Les associations demandent au préfet de retirer l’approbation de ce plan d’urbanisme PSMV de la ville de Pau qu’ils considèrent entaché de nombreuses irrégularités ou illégalités et porteur de destructions irréversibles pour le centre-ville (abattage d’arbres par dizaines, disparition de jardins, condamnation d’immeubles anciens, retrait d’autorisation de commerces pour une dizaine de rues en hyper-centre, concertation dévoyée et tronquée et enquête publique expéditive et non exploitée …)
Ainsi par exemple, ce PSMV méconnaît les dispositions de l’article 350-3 du Code de l’Environnement et ses évolutions récentes de février 2022 qui interdit non seulement d’abattre un arbre mais aussi de modifier radicalement son aspect (comme les tilleuls de la Place royale, de la basse plante ou du Boulevard d’Alsace taillés excessivement « au carré »). Or le PSMV de Pau a déclassé certains de ces arbres ou même les a fait disparaître des plans comme s’ils n’existaient pas (pour plus d’une centaine) !
Ce PSMV méconnaît aussi l’article L101-2 du Code de l’urbanisme en écartant de son périmètre des sites emblématiques et protégés par inscription (parc Beaumont, Golf de Billère, parc Lawrence, allées de Morlaas, Haras de Gelos …) Probablement nécessitaient-ils un blanc-seing pour que le maire de Pau y agisse à sa guise et au gré des fantaisies des architectes - non locaux - qu’il affectionne ?
De plus le préfet du 64 devra également considérer que cette Ville de Pau a capté des dizaines de millions d’euros du programme Action Cœur de Ville en vue de redynamiser son centre-ville sinistré (vacance commerciale record de 21% à peine redescendue à 16% après 8 ans de travaux et des centaines de millions d’euros d’investissements, centre repeuplé d’enseignes multinationales en remplacement d’enseignes locales originales ou artisanales).

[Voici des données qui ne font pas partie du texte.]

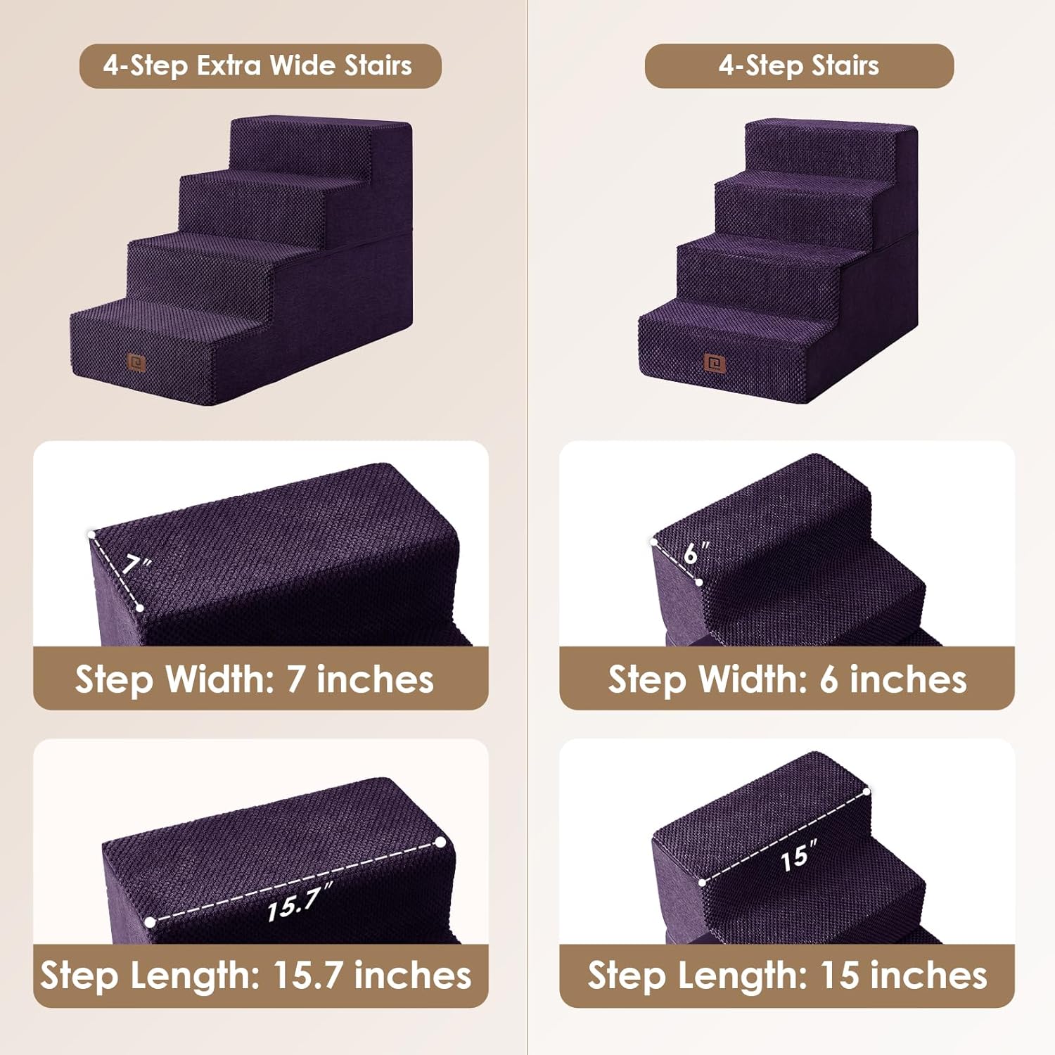 - MULTIPLE STEP SIZES - This dog stair comes in 3, 4, and 5-step options. Our 3-step pet stair is ideal for sofas and low beds (up to 18 inches high), while the 5-step version is better suited for higher beds (up to 27 inches). If your bed is of medium height (up to 23 inches), please select the 4-step one.

Or il est toujours question de métamorphose malgré sept années de protestations. Cette métamorphose se fait au détriment de milliers de Palois attachés à leur environnement et d’environ 200 commerçants et artisans (supprimés des plans de linéaire commercial et artisanal du PSMV sans en être informés) et au détriment aussi des visiteurs comme des résidents, privés de leurs places et bancs ombragés.
Six places nouvelles sont promises à l’abattage par ce PSMV (Gramont, Verdun, Place Royale, Tissié et la Palmeraie, Saint Martin) et n’oublions pas les autres places, squares et quartiers déjà détruits et bétonnés depuis six ans : Place M.Laborde, Foirail, Place de la Monnaie, Square du XIV Juillet, Ecole d’Art/Musée, Clos Mazoyer, quartier Saragosse et tracé du Bus FEBUS.
Place de la Monnaie. Actuellement l’alignement de marronniers d’inde survivants dépérit suite à son exposition subite, plein Sud, aux canicules de juillet, août et septembre et à la privation de leurs voisins abattus, dont on sait que diverses communications aériennes et sous-terraines entre eux participent à leur équilibre et leur santé).
Arbres et haies ont de tout temps occupé la Place Gramont.
Et ici les alignements d’arbres de la Caserne Bernadotte, Place de Verdun, ont totalement disparus du plan du PSMV.
Les deux associations espèrent l’annulation prochaine de ce PSMV et l’instauration d’un dialogue. Elles sont déterminées à poursuivre cette action si le recours gracieux échouait.
Alain Arraou, président de l’association Sépanso64.
Marianne Ducamp, référente Groupe Arbres Forêts.